Data extracts:

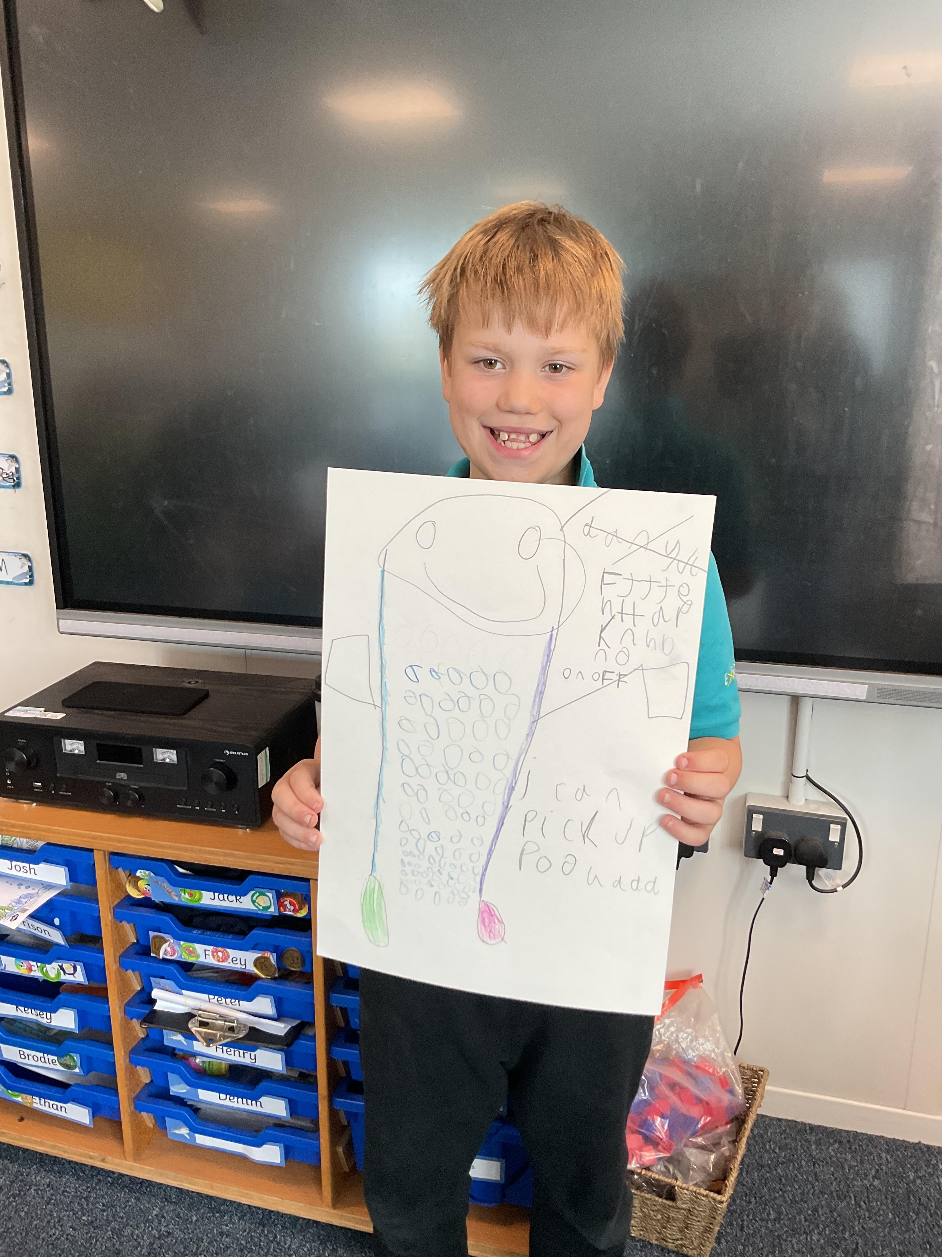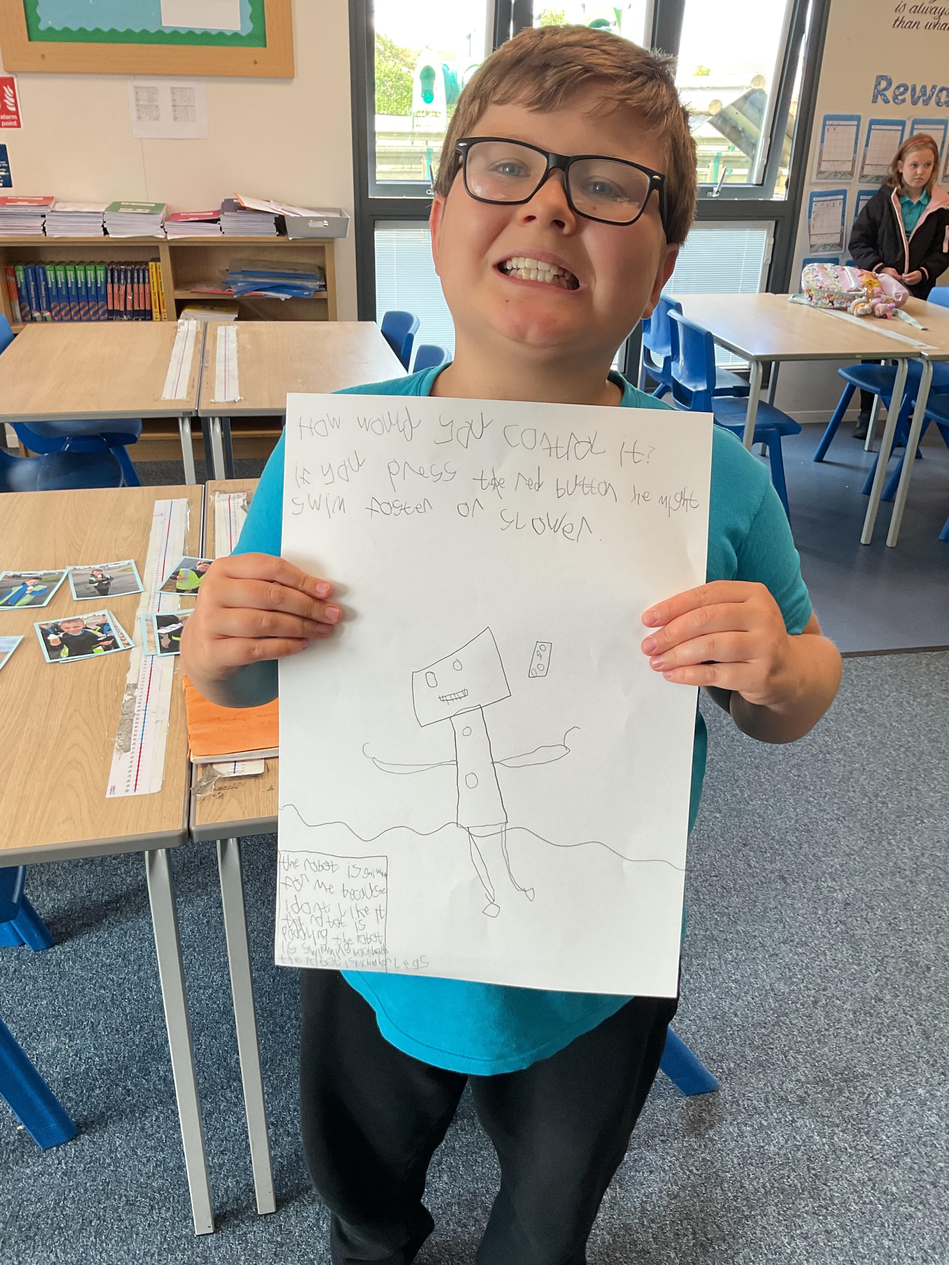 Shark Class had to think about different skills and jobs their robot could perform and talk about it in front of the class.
==
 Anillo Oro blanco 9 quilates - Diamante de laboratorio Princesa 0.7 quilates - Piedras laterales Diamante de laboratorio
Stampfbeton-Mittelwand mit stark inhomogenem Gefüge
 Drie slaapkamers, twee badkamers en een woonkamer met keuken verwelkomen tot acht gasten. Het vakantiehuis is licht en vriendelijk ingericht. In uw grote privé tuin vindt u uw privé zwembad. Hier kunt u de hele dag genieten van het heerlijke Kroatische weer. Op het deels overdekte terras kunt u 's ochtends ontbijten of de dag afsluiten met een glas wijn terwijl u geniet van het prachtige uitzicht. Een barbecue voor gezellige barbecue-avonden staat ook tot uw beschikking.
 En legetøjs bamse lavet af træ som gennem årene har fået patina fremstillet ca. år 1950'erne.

What the task requires: Within the material above, transcribe exactly the lines that run from the line holding "Drie slaapkamers, twee" through the line holding "En legetøjs bamse".

Answer for the task:
 Drie slaapkamers, twee badkamers en een woonkamer met keuken verwelkomen tot acht gasten. Het vakantiehuis is licht en vriendelijk ingericht. In uw grote privé tuin vindt u uw privé zwembad. Hier kunt u de hele dag genieten van het heerlijke Kroatische weer. Op het deels overdekte terras kunt u 's ochtends ontbijten of de dag afsluiten met een glas wijn terwijl u geniet van het prachtige uitzicht. Een barbecue voor gezellige barbecue-avonden staat ook tot uw beschikking.
 En legetøjs bamse lavet af træ som gennem årene har fået patina fremstillet ca. år 1950'erne.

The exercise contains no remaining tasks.